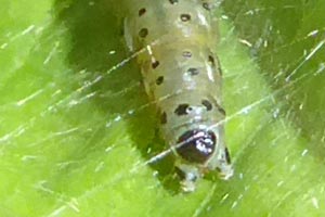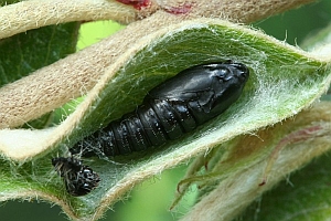 Auch die Liste von Hancock et al. (2015: 30) ist viel zu lang: "About 300 eggs are laid, singly or in batches of two to four, in July - August, usually on the underside of leaves of hawthorn (Crataegus spp.), blackthorn (Prunus spinosa or wild cherry (Prunus avium); less often on other trees and shrubs including peat (Pyrus communis), crab-apple (Malus sylvestris), bog-myrtle (Myrica gale), bilberry (Vaccinium myrtillus), ash (Fraxinus excelsior), species of birch (Betula), alder (Alnus), rose (Rosa), Sorbus, willow (Salix) and oak (Quercus)".
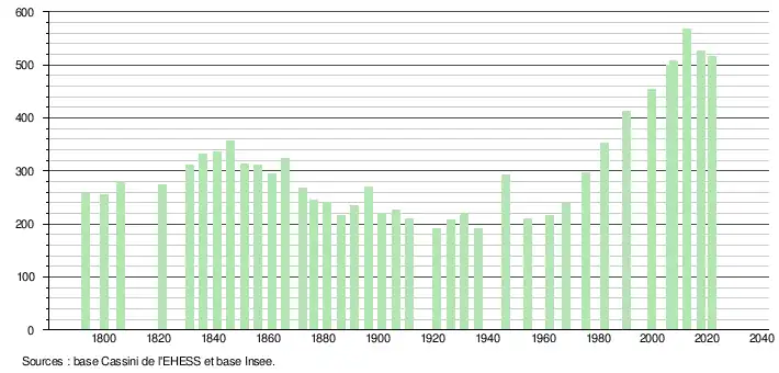 L'évolution du nombre d'habitants est connue à travers les recensements de la population effectués dans la commune depuis 1793. Pour les communes de moins de 10 000 habitants, une enquête de recensement portant sur toute la population est réalisée tous les cinq ans, les populations légales des années intermédiaires étant quant à elles estimées par interpolation ou extrapolation[31]. Pour la commune, le premier recensement exhaustif entrant dans le cadre du nouveau dispositif a été réalisé en 2007[32].
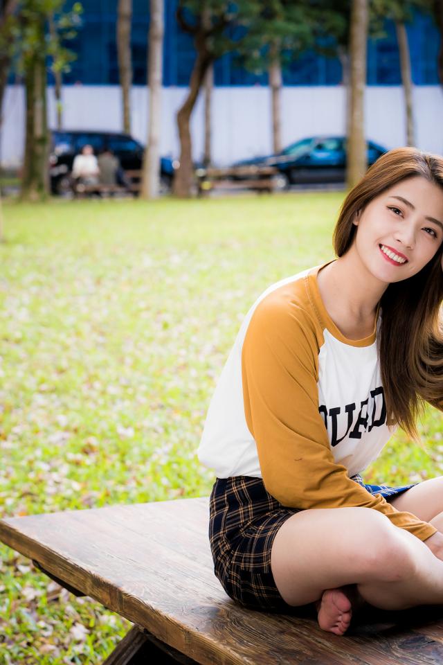 Обои Улыбающаяся девушка азиатка сидит на лавке в парке
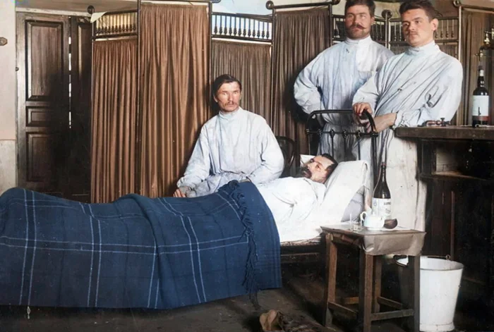 Выздоровевший после заражения чумой врач Л. Падлевский с коллегами, 1907 год.
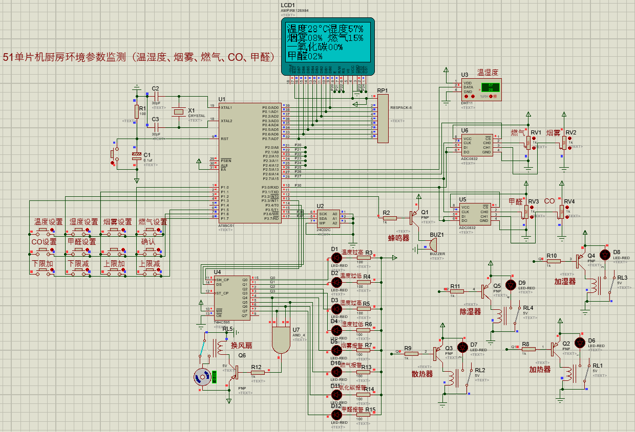 51单片机厨房环境参数监测(温湿度、烟雾、燃气、CO、甲醛)
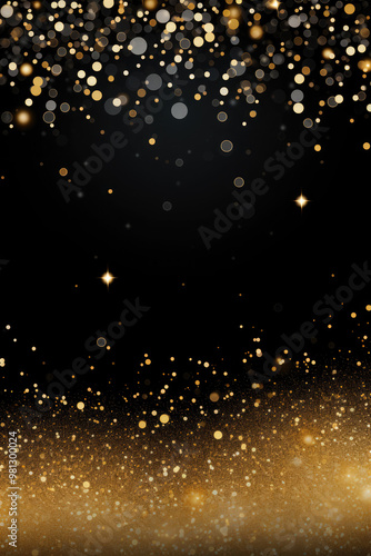 Wall mural golden particles create a beautiful bokeh effect on a vibrant black background. perfect for festive
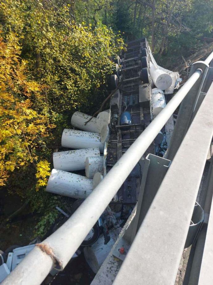 След падането шофьорът е успял да излезе от кабината и е без сериозни наранявания - пътят не е затворен за движение.
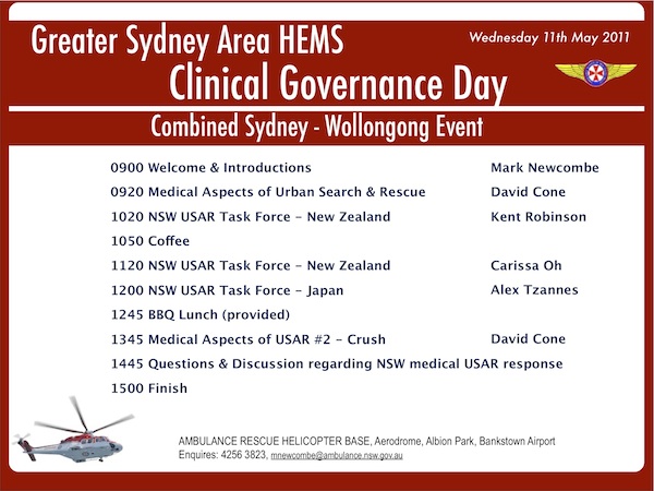 We are privileged to have a guest speaker from the United States, Dr David Cone. Dr Cone’s extensive CV includes being Associate Professor of Emergency Medicine and Public Health and EMS Section Chief at Yale University, the editor-in-chief of the journal Academic Emergency Medicine, and being a recent president of the National Association of EMS Physicians. He has served as Medical Team Manager of two urban search and rescue task forces (Pennsylvania and Connecticut). He is also a trained Emergency Medical Technician and firefighter!

*WHAT IS NEEDED*. Starting at the line above that holds "Обои Улыбающаяся девушка", return each line up to and including the one that holds "След падането шофьорът", exactly as written, minus any pictures.

*SOLUTION FOR THIS TASK*.
 Обои Улыбающаяся девушка азиатка сидит на лавке в парке
 Выздоровевший после заражения чумой врач Л. Падлевский с коллегами, 1907 год.
 51单片机厨房环境参数监测(温湿度、烟雾、燃气、CO、甲醛)
 Wall mural golden particles create a beautiful bokeh effect on a vibrant black background. perfect for festive
 След падането шофьорът е успял да излезе от кабината и е без сериозни наранявания - пътят не е затворен за движение.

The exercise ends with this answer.